Last Updated on July 25, 2023
scikit-learn is an open source Python module for machine learning built on top of SciPy. It offers efficient versions of a large number of common algorithms. The software displays a clean, uniform, and streamlined API, with good online documentation.
The software provides various classification, regression and clustering algorithms including support vector machines, random forests, gradient boosting, k-means and DBSCAN, and is designed to interoperate with the Python numerical and scientific libraries NumPy and SciPy.
scikit-learn is largely written in Python, with some core algorithms written in Cython to optimise performance.
scikit-learn is one of the most useful modules for machine learning in Python.
The software has the following dependencies:
- Python (>= 2.7 or >= 3.4)
- NumPy (>= 1.8.2)
- SciPy (>= 0.13.3)
scikit-learn also uses CBLAS, the C interface to the Basic Linear Algebra Subprograms library, and matplotlib to generate the supplied examples.
Features include:
- Simple and efficient tools for data mining and data analysis.

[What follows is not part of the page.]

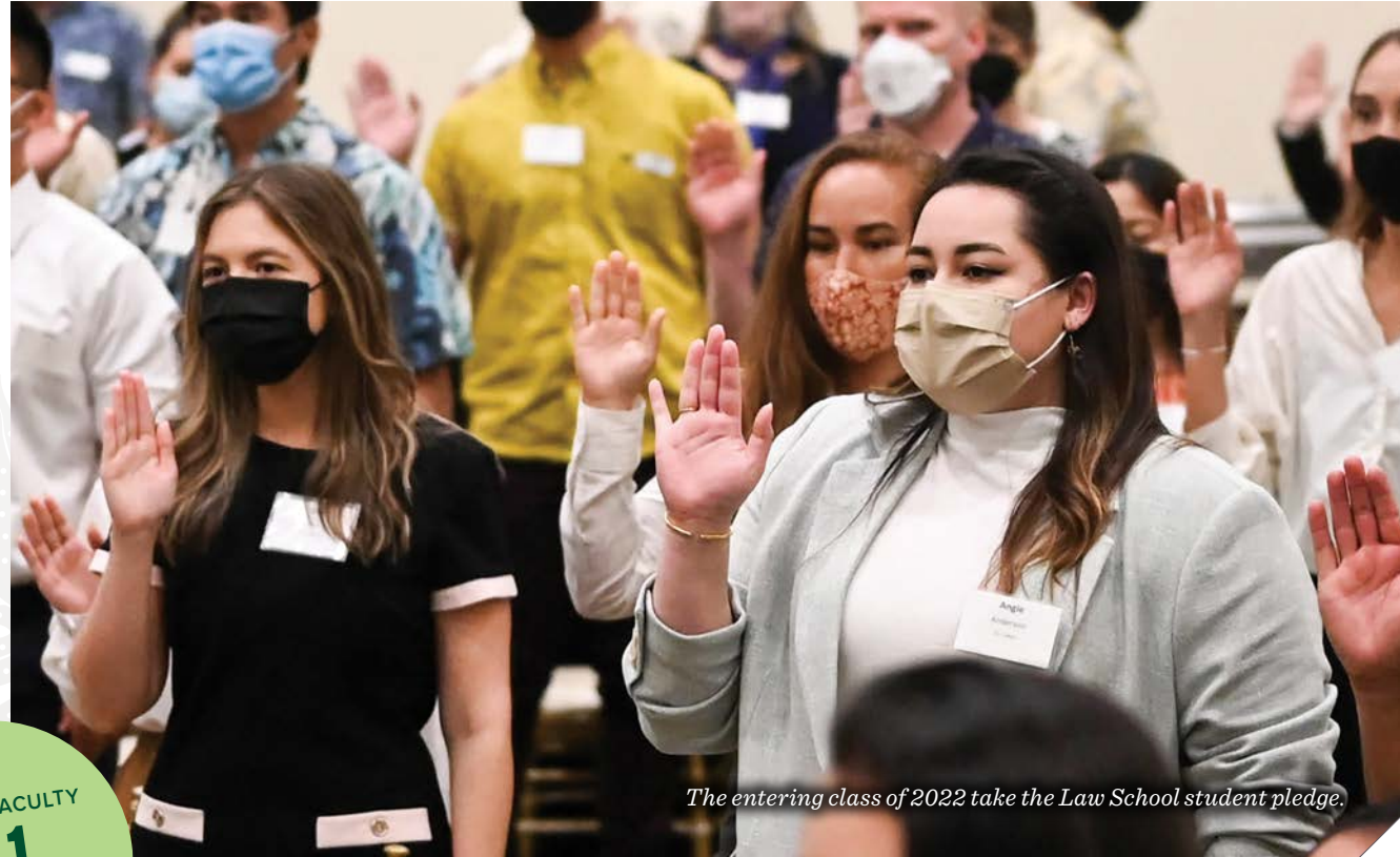
The entering class of 2022 take the Law School student pledge.

*Updated August 24, 2022: The Law School Admission Council (LSAC) and American Bar Association (ABA) are yet to certify these LSAT and GPA percentiles.

- Supervised learning algorithms – great coverage for this type of algorithm. There’s generalised Linear Modules, Linear and Quadratic Discriminant Analysis, Support Vector Machines, Decision Trees, Bayesian methods, Gaussian Processes, Neural network models, and more.
- Cross-validation – various methods to check the accuracy of supervised models on unseen data.
- Unsupervised learning algorithms – again, a wide range of algorithms are available, including Gaussian mixture modules, manifold learning, clustering, factor analysis, covariance estimation, density estimation, and more.
- Dataset transformations – provides a library of transformers, which clean, reduce, expand, or generate feature representations.
- Feature extraction – useful for extracting features from images and text.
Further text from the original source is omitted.